「大学入試物語」より(17)
まあこんなことは、わざわざ書くまでもなく、黙って一人で考えていればいいことだ。それでもつい書いてしまうのは、なぜか私は望みもしないのに予想もしない相手からいきなりライバルや目標にされることがあり、これが私には大変迷惑なことがある。
もっとも最近はあまりそういうこともなくなったようだが、これは私が「世の中も少しは進歩したのかね。結婚しろとか子どもを作れとか、あまり言う人がいなくなったし」とか言って、「若い人は今でも言われてますよ」と、あきれられるようなもので、もはや私を第一線の研究者として扱う人がいなくなっているからかもしれない。

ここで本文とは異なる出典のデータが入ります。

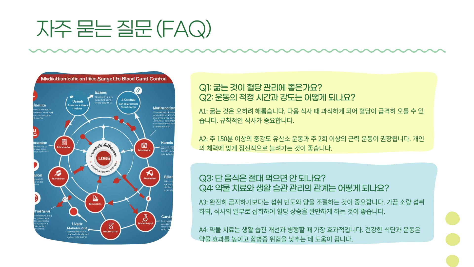 A1: 식사를 거르면 일시적으로 혈당이 낮아질 수 있지만, 이는 건강한 방법이 아닙니다. 오히려 다음 식사 때 과식하게 되어 혈당이 더 크게 치솟을 수 있고, 공복 시간이 너무 길어지면 저혈당 위험도 있습니다. 규칙적인 식사가 중요합니다.
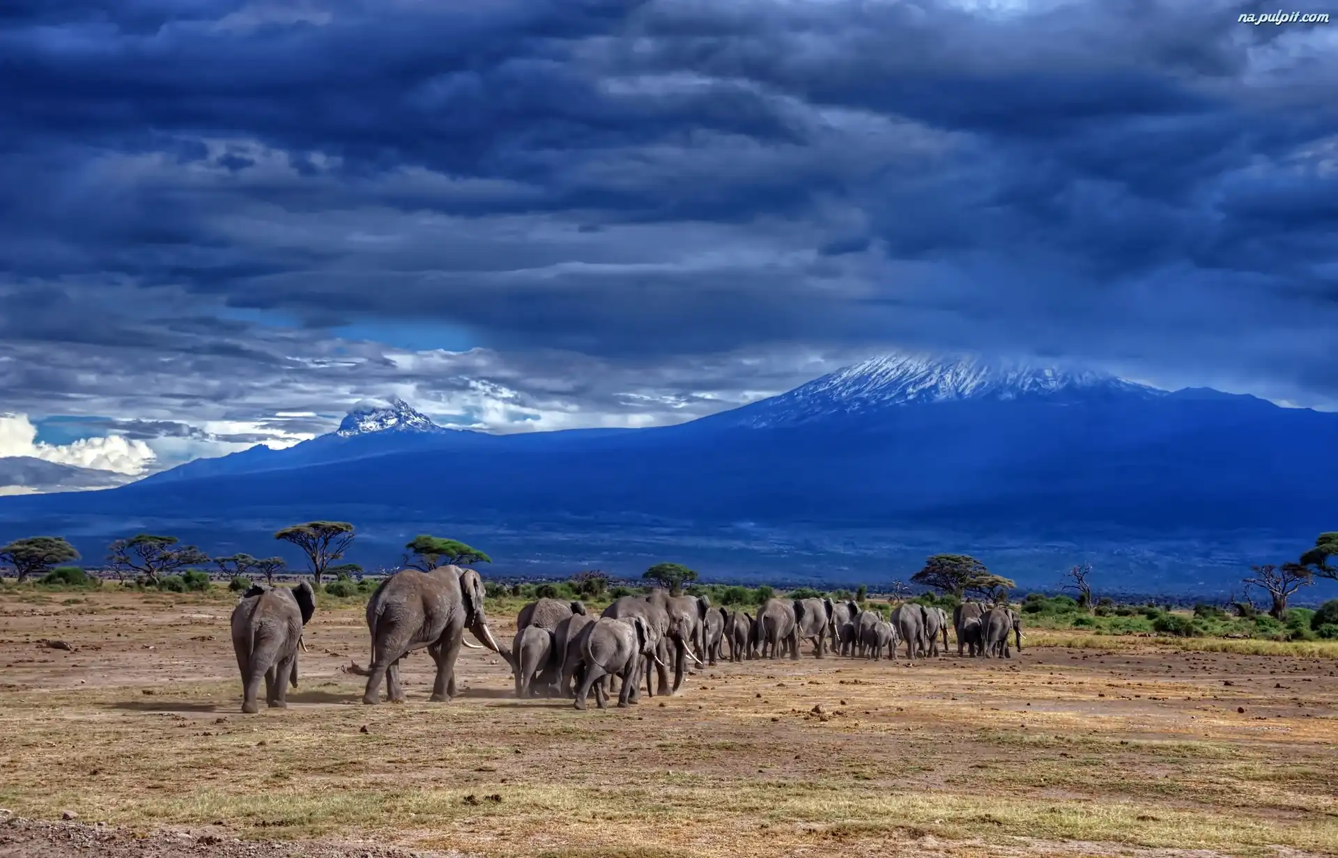 Słoni, Narodowy, Kilimandżaro, Góry, Tanzania, Afryka, Step, Park, Rodzina Na Pulpit
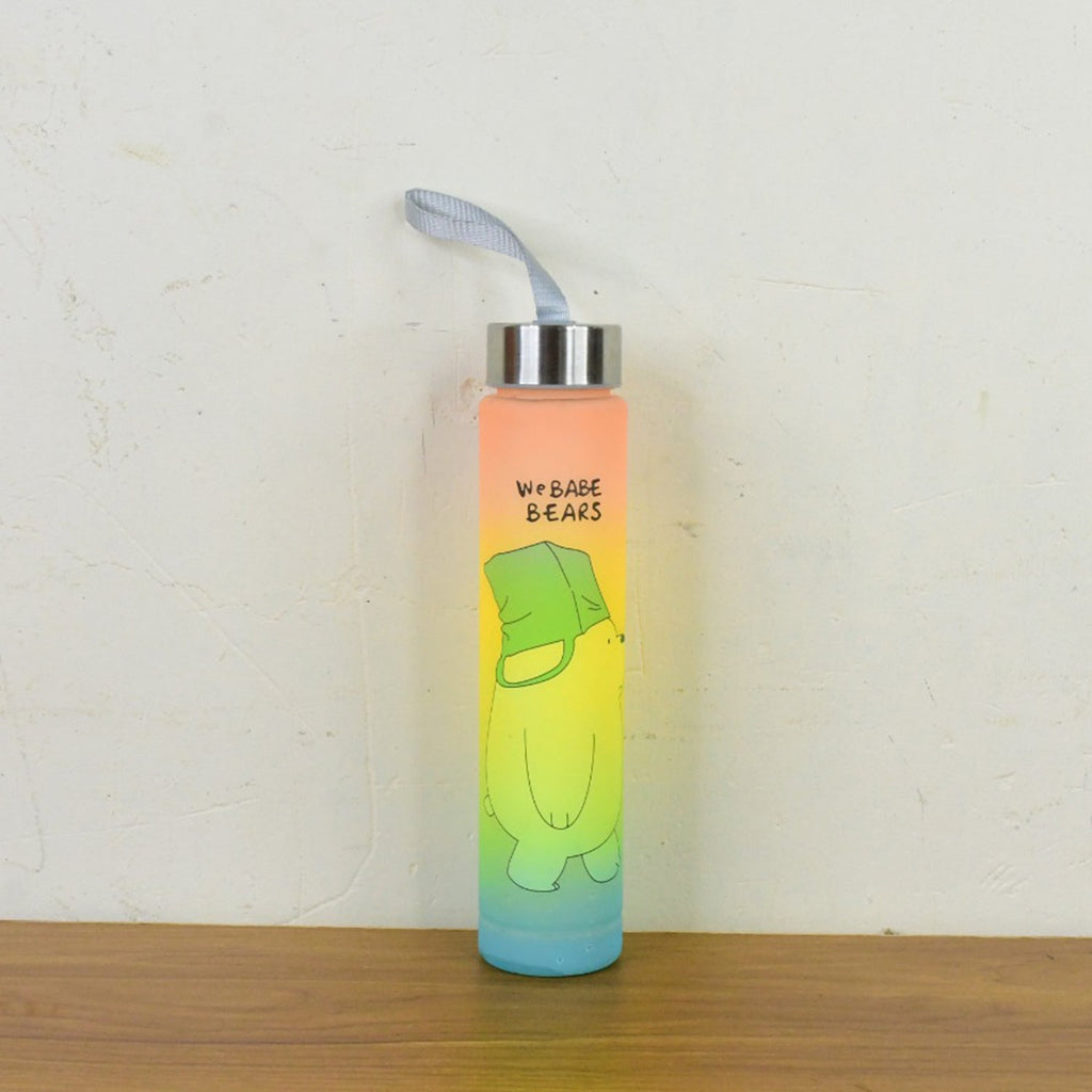 cartoon water bottle, printed water bottle, gradient water bottle, bear design bottle, cute water bottle, stylish drinking bottle, slim water bottle, portable bottle with strap, kids cartoon bottle, decorative water bottle,gift water bottle,hydration bottle,leak-proof drinking bottle, portable water container

だからもう書かなくてもいいようなものだが、だからもう書いてもいいことかもしれないから書いておくと、まあこれも下手したら相当いやらしい逃げになるので、あまり言うこっちゃないのであるが、私はいつも学校の勉強にせよ、古典の研究にせよ、学生指導にせよ、それが本来の全力投球すべき自分の仕事や生きがいと感じていなかった。したいことや、めざすことは、いつもどこか他にあって、それは非常に遠くのようでも、微妙にずれた近くのようでもあったが、とにかく何か別のもので、それをめざし、やっていることの目くらましとしての仮の姿で、自分は研究や教育をやっているという感覚があった。